** Opening The input block **
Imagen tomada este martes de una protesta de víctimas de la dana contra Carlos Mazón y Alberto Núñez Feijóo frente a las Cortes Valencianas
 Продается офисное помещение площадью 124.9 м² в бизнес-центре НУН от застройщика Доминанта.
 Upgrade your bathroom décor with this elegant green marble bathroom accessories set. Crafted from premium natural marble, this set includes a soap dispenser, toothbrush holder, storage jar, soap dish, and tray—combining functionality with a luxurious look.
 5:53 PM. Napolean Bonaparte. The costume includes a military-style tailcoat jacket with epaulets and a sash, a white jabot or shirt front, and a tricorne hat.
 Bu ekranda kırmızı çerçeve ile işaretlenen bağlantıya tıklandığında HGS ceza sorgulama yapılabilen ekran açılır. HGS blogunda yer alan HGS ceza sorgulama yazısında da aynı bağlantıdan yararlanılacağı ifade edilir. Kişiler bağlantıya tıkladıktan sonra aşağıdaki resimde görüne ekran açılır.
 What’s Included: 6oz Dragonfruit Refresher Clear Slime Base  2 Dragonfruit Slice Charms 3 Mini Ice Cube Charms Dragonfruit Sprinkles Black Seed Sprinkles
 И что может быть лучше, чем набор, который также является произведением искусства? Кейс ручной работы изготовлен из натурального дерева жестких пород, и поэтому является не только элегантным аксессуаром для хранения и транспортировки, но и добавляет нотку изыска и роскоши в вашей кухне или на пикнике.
** Closing The input block **
** Opening The input block **
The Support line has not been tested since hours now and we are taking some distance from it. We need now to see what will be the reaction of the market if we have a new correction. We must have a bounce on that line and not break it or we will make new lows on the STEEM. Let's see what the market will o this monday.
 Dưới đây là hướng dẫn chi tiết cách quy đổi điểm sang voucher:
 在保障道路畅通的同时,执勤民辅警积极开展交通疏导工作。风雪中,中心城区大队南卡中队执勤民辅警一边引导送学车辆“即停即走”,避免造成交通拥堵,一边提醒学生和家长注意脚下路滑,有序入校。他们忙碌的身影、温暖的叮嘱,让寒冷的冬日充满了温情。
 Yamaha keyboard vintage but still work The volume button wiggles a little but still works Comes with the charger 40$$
** Closing The input block **
- **Exercise directions**
Transcribe the records above from the line holding "The Support line" down to the line holding "Yamaha keyboard vintage", inclusive, without adding anything.

- **Worked solution**
The Support line has not been tested since hours now and we are taking some distance from it. We need now to see what will be the reaction of the market if we have a new correction. We must have a bounce on that line and not break it or we will make new lows on the STEEM. Let's see what the market will o this monday.
 Dưới đây là hướng dẫn chi tiết cách quy đổi điểm sang voucher:
 在保障道路畅通的同时,执勤民辅警积极开展交通疏导工作。风雪中,中心城区大队南卡中队执勤民辅警一边引导送学车辆“即停即走”,避免造成交通拥堵,一边提醒学生和家长注意脚下路滑,有序入校。他们忙碌的身影、温暖的叮嘱,让寒冷的冬日充满了温情。
 Yamaha keyboard vintage but still work The volume button wiggles a little but still works Comes with the charger 40$$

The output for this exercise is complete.